2016-10-24-15:29,271212,15
2016-10-24-15:29,270800,15
2016-10-24-15:30,270672,15
2016-10-24-15:31,270828,15
2016-10-24-15:32,270708,15
2016-10-24-15:33,270604,15
2016-10-24-15:34,270812,15
2016-10-24-15:35,270628,15
2016-10-24-15:36,270816,15

If FreeSWITCH has been running for multiple hours and the RSS has seemed to plateau, like above, FreeSWITCH is likely not showing any critical memory mismanagements.

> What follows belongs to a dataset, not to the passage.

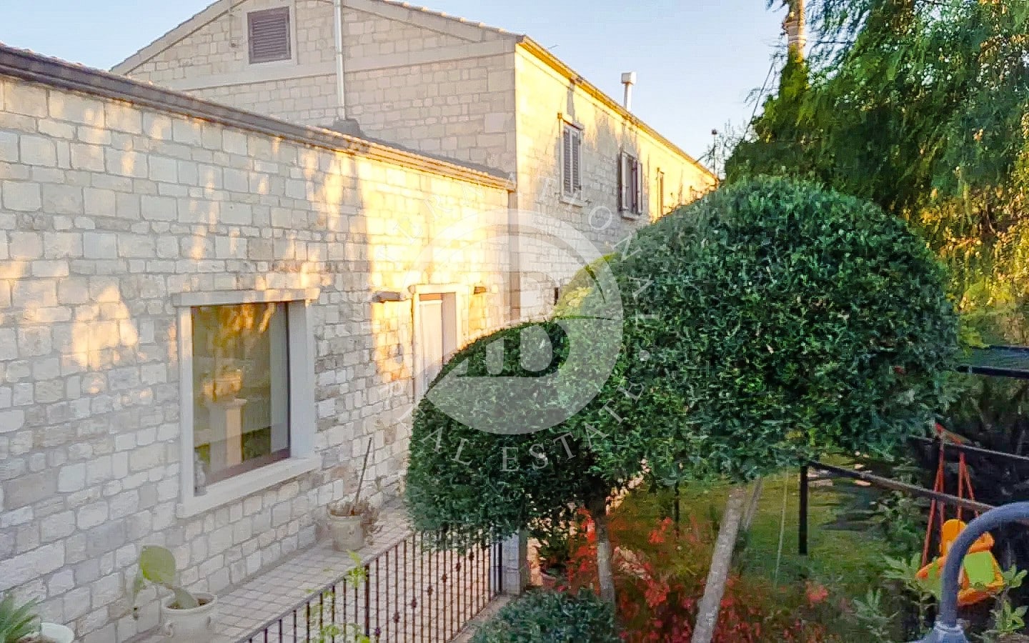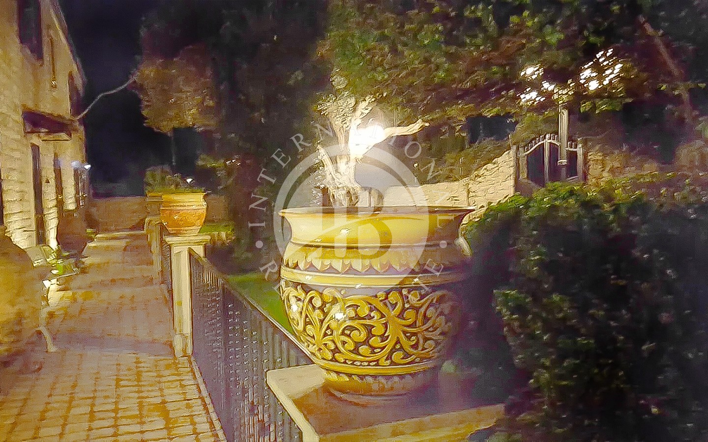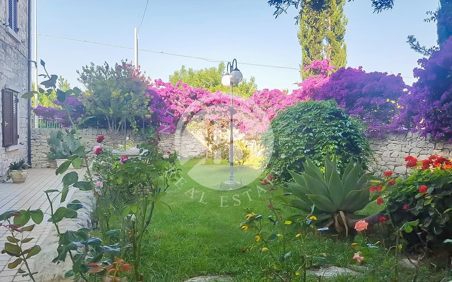 Il giardino, arricchito da un albero secolare, è dotato di impianto di irrigazione automatico e illuminazione.

Here is an example of the RSS continuing to grow due to a memory leak.

2016-08-11-04:09,379192,60
2016-08-11-04:10,381584,60
2016-08-11-04:11,383104,60
2016-08-11-04:12,385096,60
2016-08-11-04:13,385356,60
2016-08-11-04:14,387580,60
2016-08-11-04:16,387432,60
2016-08-11-04:17,389316,60
2016-08-11-04:18,391144,60
2016-08-11-04:19,393076,60
2016-08-11-04:20,394484,61
2016-08-11-04:21,395776,60
2016-08-11-04:22,397072,60
2016-08-11-04:23,398140,59
2016-08-11-04:24,400112,60
2016-08-11-04:25,401868,60
2016-08-11-04:26,403348,60

FreeSWITCH had been running for many hours at this point, and the RSS had never stopped growing. This is the same system which was logging the libcrypto error in the valgrind log.

When you notice a memory issue with your version of FreeSWTICH, check the FreeSWTICH JIRA for known bugs. There may already be a patch out for the issue you are experiencing.